It was a Sunday morning at a youth camp in rural Missouri, and Kim Garland was forgetting things. Not the ordinary lapses of a busy volunteer in her sixties, but stranger gaps: words she should have had, names that simply weren’t there, headaches that came and went like weather. Her daughter-in-law noticed first. Within days, a scan at a St. Louis emergency room revealed what was causing it: a mass roughly the size of a small avocado, sitting in her brain. The subsequent biopsy confirmed glioblastoma, grade 4. The most aggressive primary brain cancer there is.
For most people who receive that diagnosis, the trajectory is grim and, until recently, almost entirely fixed. Surgery, radiation, chemotherapy, recurrence. Median survival runs somewhere between 12 and 18 months. But in the three years following Kim Garland’s diagnosis in 2021, researchers at Washington University School of Medicine in St. Louis were quietly testing something different: a vaccine built from the specific molecular fingerprint of her own tumour. Today, nearly five years on, she remains cancer-free.
The results of that phase 1 clinical trial, published today in Nature Cancer, represent what the researchers describe as a first for glioblastoma. Nine patients received bespoke DNA vaccines, each one encoding up to 40 molecular targets unique to their individual tumour. Two-thirds of participants were still alive at twelve months, compared with the roughly 40 percent that standard treatment typically achieves. A third survived past two years, at a time when historical data suggests only around one in ten would. The approach does not yet constitute a cure. But it does something glioblastoma has stubbornly resisted for decades: it gets the immune system to actually notice the tumour.
A Cold Tumour Made Hot
Glioblastoma is what immunologists call a “cold” tumour. Its microenvironment, the cellular neighbourhood surrounding the cancer cells, is extraordinarily good at suppressing immune activity. It recruits immunosuppressive cells, damps down signalling, and effectively renders itself invisible to the T cells that would otherwise hunt it down. Prior attempts to crack this using checkpoint inhibitors, the class of drugs that has transformed treatment in melanoma and lung cancer, have repeatedly failed in large randomised trials. The tumour simply doesn’t respond.
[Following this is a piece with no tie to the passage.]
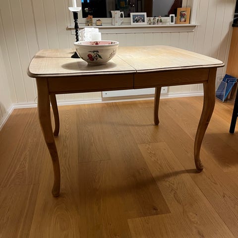 Spisebord i heltre eik robust hvitoljet eik det er 2 ileggsplater H 75 B 90 L 180 - 270 selges 13 000
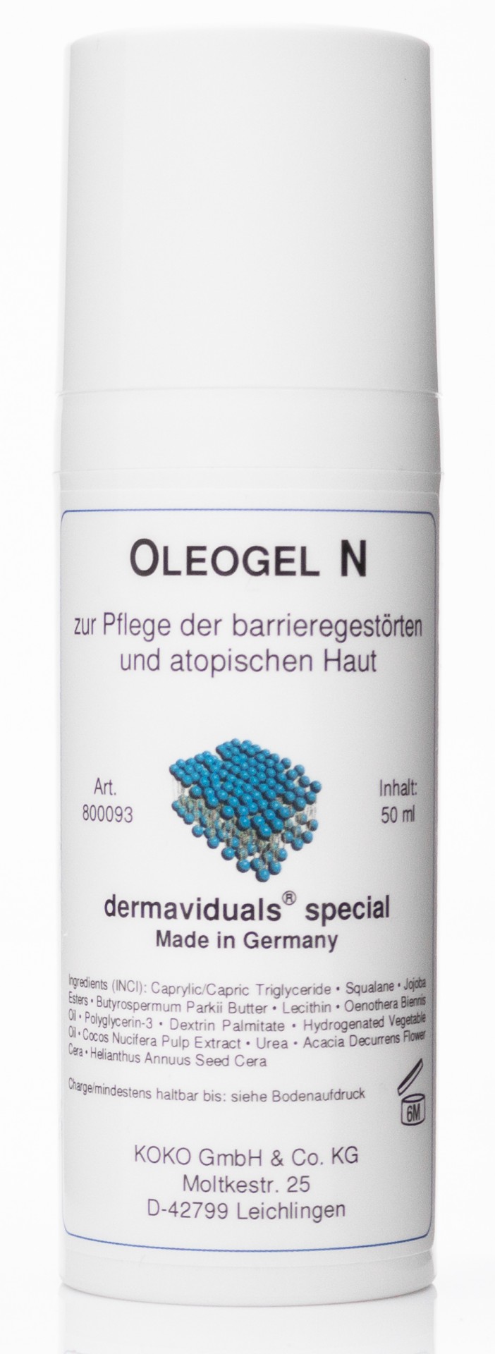 L'oléogel N contient des huiles végétales et des substances barrière ainsi que de l'urée et de l'huile d'onagre sur une base exempte d'eau. La peau absorbe rapidement le produit, du fait de sa teneur élevée en phosphatidylcholine naturelle.

Tanner Johanns, the oncologist who led the trial, had a different intuition. “We chose a DNA-based platform because it would allow us an opportunity to target more cancer proteins than any vaccine had targeted before,” he said. “Our thinking was that if we could generate a broader range of immune responses against those proteins then it may lead to a more potent vaccine compared to other vaccine platforms with more limited protein targets.” The reasoning was partly probabilistic: glioblastoma, like all tumours, evolves under immune pressure, shedding the targets the immune system has learned to recognise. If you can simultaneously train immunity against forty targets instead of twenty, the tumour has a great deal more to hide.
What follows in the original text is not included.